Explanation: The equation combines resistances from gas film, liquid film, and chemical reaction to determine the overall mass transfer rate.

3. Importance of Mass Transfer Rate Calculation

Details: Accurate rate calculation is crucial for designing efficient contactors, optimizing reaction conditions, and predicting system performance.

4. Using the Calculator

Tips: Enter all required parameters with appropriate units. Default values are provided for reference. All values must be positive.

5. Frequently Asked Questions (FAQ)

Q1: What is the physical meaning of the enhancement factor (E)?
A: The enhancement factor accounts for how chemical reaction increases the mass transfer rate beyond pure physical absorption.
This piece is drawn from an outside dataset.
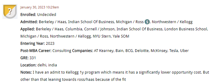 This week’s first candidate is likely from an over-represented applicant population, and Alex and Graham wonder if applying in Round 2 and 3 this season will give them their best set of options. They are working in operations at a hedge fund, in India. Their counting stats are decent (710 / 3.81) but the GMAT doesn’t really stand out. They also are not heavily involved in current outside activities (despite having been more active in college). Alex and Graham are hoping for the best, but worry that they may need to think about reapplying in the next season, targeting Round 1. This week’s second candidate has a very interesting profile with decent numbers. They work in sales in the technology space, so we are hoping there’s enough there to warrant access to top programs. The final candidate for this episode is weighing offers from Northwestern / Kellogg (1 year program), Berkeley / Haas, and Michigan / Ross (with a scholarship). They want to transition to consulting, and Alex makes a strong case for Ross in this instance.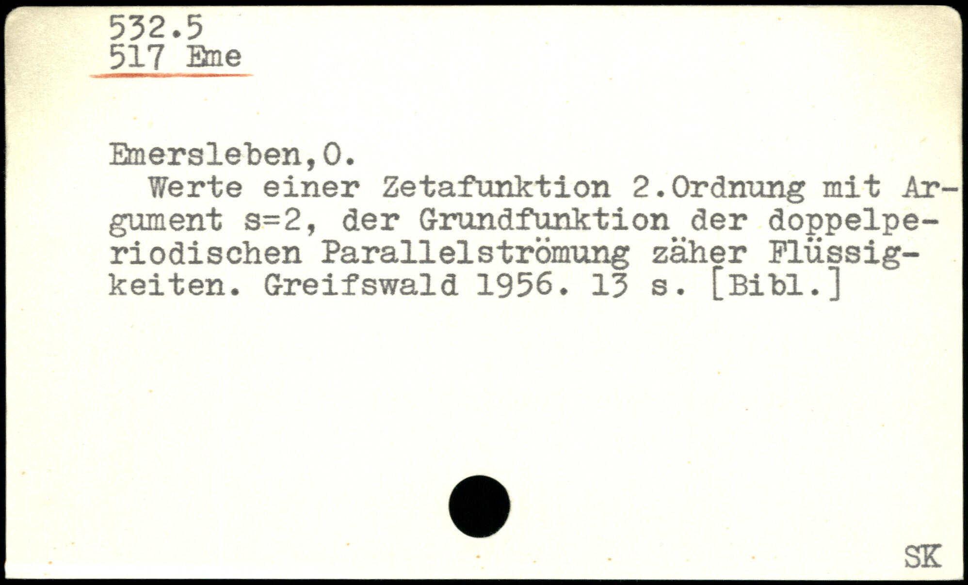 Werte einer Zetafunktion 2.Ordnung mit Argument s=2, der Orundfunktion der doppelperiodischen Parallel Strömung zäher Flüssigkeiten. Greifswald 1956.

Q2: How do I determine the interfacial area (a)?
A: This depends on the contactor type and can be estimated from equipment specifications or correlations.

Q3: When can I neglect the reaction term in the denominator?
A: When the reaction is very fast compared to mass transfer (k → ∞), the reaction term becomes negligible.

Q4: What's a typical range for Henry's law constant?
A: H_A varies widely (10^-5 to 10³ mol/(m³·Pa)) depending on the gas and solvent.

Q5: How does temperature affect the calculation?
A: Temperature affects k_Ag, k_Al, H_A, and k. Use values appropriate for your operating temperature.